Write out word for word each line from the one containing "初めてWebブラウザでNov" through the close of the listing, including both ends. Pictures do not belong in the copy.

:: PROVIDED MATERIAL ::

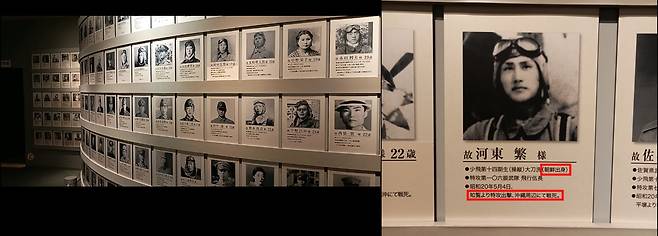 여러 유품과 전투기 비행복장, 다치아라이의 생활상을 둘러보며 '추억의 공간'이라 불리는 복도에 발을 디뎠을 때였다. 태평양전쟁 당시 카미카제 전사자의 사진과 생전이력을 살필 수 있는 복도 전시관이 나타났다. 혹시나 싶어 출신을 중심으로 하나하나 샅샅이 찾았다.
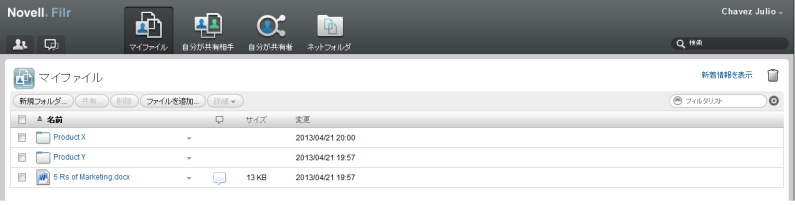 初めてWebブラウザでNovell Filrを起動すると、[マイファイル]ページが表示されます。自分が作成したファイルは、すべてこのページから管理できます。
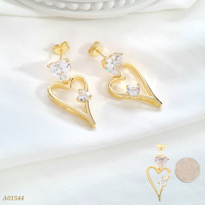 Arete rodio doble silueta corazón cristales A01544

:::

• SOLUTION TO THIS TASK:
 初めてWebブラウザでNovell Filrを起動すると、[マイファイル]ページが表示されます。自分が作成したファイルは、すべてこのページから管理できます。
 Arete rodio doble silueta corazón cristales A01544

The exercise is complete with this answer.